Genetic epidemiology of hereditary and congenital anomalies in the population of Mandi Bahauddin

Abstract

Congenital anomalies (CA) also known as birth defects are functional, structural, and metabolic defects that occur during the period of organogenesis and observed at birth or later in life. CA are caused by a mutation in a gene, chromosomal aberrations, environmental factors, micronutrient deficiencies and multifactorial effects. CA causes significant mortality and morbidity among children both in developing and developed countries. Data on the prevalence-pattern of CA from the rural populations of Pakistan is largely missing. In this context, the main objective of this study was to investigate the genetic epidemiology and phenotypic pattern of CA in the population of Mandi Bahauddin. During this cross-sectional epidemiological study, a total of 201 independent cases with CA were recruited from door to-door surveys. All the anomalies were clinically diagnosed by physicians and specialized doctors and were classified into four major categories.

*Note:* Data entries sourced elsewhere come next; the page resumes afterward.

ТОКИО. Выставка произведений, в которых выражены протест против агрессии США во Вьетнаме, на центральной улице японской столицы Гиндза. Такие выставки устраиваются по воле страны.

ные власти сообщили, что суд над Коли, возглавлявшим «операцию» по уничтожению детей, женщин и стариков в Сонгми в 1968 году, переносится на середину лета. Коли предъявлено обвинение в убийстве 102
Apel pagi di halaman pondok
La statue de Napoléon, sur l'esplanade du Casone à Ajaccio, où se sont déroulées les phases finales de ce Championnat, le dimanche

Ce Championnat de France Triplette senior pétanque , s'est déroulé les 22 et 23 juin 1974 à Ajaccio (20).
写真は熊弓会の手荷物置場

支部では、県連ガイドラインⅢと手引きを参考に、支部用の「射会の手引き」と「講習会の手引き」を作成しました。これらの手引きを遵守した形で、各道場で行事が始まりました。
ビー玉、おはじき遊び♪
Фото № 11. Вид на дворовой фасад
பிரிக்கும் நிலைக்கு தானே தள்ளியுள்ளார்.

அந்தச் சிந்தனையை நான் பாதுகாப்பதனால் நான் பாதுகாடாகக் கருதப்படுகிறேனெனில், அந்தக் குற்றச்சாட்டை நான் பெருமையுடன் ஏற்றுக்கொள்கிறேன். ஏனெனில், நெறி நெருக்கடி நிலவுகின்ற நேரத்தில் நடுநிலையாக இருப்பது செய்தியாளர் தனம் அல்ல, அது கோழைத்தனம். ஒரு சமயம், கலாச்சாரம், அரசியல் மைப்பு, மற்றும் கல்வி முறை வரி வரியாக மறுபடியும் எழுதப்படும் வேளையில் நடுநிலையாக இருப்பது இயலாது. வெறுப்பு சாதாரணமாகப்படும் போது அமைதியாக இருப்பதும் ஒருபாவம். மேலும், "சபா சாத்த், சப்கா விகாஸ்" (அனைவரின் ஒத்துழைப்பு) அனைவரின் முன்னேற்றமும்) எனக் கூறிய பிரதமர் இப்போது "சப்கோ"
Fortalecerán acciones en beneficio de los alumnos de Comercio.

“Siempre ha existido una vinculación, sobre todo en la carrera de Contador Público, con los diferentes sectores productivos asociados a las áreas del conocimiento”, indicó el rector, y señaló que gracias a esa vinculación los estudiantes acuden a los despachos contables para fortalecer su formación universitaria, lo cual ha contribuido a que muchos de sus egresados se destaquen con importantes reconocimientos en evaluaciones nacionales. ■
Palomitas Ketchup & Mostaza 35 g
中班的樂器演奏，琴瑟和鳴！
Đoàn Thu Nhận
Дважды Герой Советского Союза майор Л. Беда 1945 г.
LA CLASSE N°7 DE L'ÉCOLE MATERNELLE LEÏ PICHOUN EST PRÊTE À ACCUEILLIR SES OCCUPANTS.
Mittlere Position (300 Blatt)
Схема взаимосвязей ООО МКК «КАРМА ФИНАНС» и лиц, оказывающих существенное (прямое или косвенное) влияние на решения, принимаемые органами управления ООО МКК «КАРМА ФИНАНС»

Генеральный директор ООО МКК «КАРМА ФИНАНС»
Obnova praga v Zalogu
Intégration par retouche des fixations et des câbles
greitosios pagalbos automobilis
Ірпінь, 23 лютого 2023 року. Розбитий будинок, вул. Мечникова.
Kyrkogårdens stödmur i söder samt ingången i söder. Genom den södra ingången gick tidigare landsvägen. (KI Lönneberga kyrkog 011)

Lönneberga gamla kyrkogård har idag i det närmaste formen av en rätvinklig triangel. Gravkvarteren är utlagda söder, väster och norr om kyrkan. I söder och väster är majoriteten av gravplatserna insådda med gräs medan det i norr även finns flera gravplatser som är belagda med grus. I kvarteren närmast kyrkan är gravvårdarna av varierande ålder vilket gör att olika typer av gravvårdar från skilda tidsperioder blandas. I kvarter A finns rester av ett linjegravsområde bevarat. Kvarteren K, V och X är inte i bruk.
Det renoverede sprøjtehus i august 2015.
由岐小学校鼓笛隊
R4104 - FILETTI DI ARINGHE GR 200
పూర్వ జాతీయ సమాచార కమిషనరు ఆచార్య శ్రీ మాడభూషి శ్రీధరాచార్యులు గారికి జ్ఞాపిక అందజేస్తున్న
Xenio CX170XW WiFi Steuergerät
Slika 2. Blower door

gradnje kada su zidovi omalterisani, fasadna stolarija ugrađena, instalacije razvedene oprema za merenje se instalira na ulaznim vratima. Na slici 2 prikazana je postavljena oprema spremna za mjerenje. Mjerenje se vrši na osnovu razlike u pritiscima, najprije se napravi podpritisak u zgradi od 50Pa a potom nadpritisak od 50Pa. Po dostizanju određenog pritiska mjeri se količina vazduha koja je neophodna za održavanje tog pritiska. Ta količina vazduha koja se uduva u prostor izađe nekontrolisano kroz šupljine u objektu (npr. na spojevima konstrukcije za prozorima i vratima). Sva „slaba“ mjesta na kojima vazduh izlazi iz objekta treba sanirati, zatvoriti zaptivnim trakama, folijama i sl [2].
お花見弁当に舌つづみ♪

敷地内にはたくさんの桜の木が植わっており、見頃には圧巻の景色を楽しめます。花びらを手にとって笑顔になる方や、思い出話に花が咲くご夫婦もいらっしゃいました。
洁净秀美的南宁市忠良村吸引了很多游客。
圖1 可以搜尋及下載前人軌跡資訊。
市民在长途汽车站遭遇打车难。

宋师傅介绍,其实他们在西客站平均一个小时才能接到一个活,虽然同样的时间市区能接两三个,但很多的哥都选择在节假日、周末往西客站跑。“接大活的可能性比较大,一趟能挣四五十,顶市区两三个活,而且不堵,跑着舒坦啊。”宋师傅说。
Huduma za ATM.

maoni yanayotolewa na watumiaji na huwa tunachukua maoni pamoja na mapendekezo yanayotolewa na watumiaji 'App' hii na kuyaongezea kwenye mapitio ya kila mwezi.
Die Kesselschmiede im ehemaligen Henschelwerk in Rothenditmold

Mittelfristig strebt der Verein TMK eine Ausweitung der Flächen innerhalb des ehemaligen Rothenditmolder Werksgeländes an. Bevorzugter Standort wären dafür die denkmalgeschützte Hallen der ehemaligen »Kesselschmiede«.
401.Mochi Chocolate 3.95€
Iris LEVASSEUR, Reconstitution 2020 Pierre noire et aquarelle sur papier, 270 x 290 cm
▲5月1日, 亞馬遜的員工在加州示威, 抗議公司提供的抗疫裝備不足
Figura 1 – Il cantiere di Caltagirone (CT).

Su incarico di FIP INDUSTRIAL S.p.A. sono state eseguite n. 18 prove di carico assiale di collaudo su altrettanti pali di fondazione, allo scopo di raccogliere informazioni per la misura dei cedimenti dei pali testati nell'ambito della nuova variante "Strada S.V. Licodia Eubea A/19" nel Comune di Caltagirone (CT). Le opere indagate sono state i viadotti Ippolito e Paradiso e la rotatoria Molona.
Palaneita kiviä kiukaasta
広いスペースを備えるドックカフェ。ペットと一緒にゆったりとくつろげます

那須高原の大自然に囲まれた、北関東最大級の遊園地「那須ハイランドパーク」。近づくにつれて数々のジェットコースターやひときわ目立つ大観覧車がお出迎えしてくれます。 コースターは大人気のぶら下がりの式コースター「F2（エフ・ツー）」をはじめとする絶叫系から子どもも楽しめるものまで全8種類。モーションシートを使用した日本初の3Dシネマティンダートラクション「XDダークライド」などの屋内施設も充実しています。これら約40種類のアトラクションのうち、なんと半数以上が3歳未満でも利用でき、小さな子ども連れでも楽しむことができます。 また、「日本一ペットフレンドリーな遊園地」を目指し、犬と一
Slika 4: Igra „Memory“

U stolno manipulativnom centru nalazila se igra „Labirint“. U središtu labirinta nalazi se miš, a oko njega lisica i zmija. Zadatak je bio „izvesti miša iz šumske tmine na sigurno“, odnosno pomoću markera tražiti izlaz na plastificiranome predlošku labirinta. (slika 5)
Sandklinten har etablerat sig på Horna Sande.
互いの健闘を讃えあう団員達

In this cohort, the prevalence of the birth defects was in the following order: sensorineural defects (58%), neurological disorders (20%), neuromuscular anomalies (16%), and visual impairments (6%). Intellectual disability was the most common neurological disorder while cerebral palsy was most common neuromusculat anomaly. The representation of affected males (64%) was high as compared to affected females (36%). The sporadic cases 60% (n=121) were abundant in comparison with familial cases 40% (n=80). Majority of subjects were rural dwellers (54%) and belonged to lower middle class (42%). This study indicated a higher proportion of CA in young age group (56%). Parental consanguinity was found in 63% of the cases and familial cases had 40 % consanguineous marriages. Out of 80 familial cases,for 46%(n=37) subjects, affected persons were affected present in 2 generations and 64% (n=51) families had two family members affected.There was preponderance of subjects with first parity (40%).The current study provides useful information about the prevalence pattern of CA in Mandi Bhauddin and may bridge the gap in current knowledge about the causes and consequences of CA which may help relevant government authorities about the inception of management plans and health care centers for infants with CA.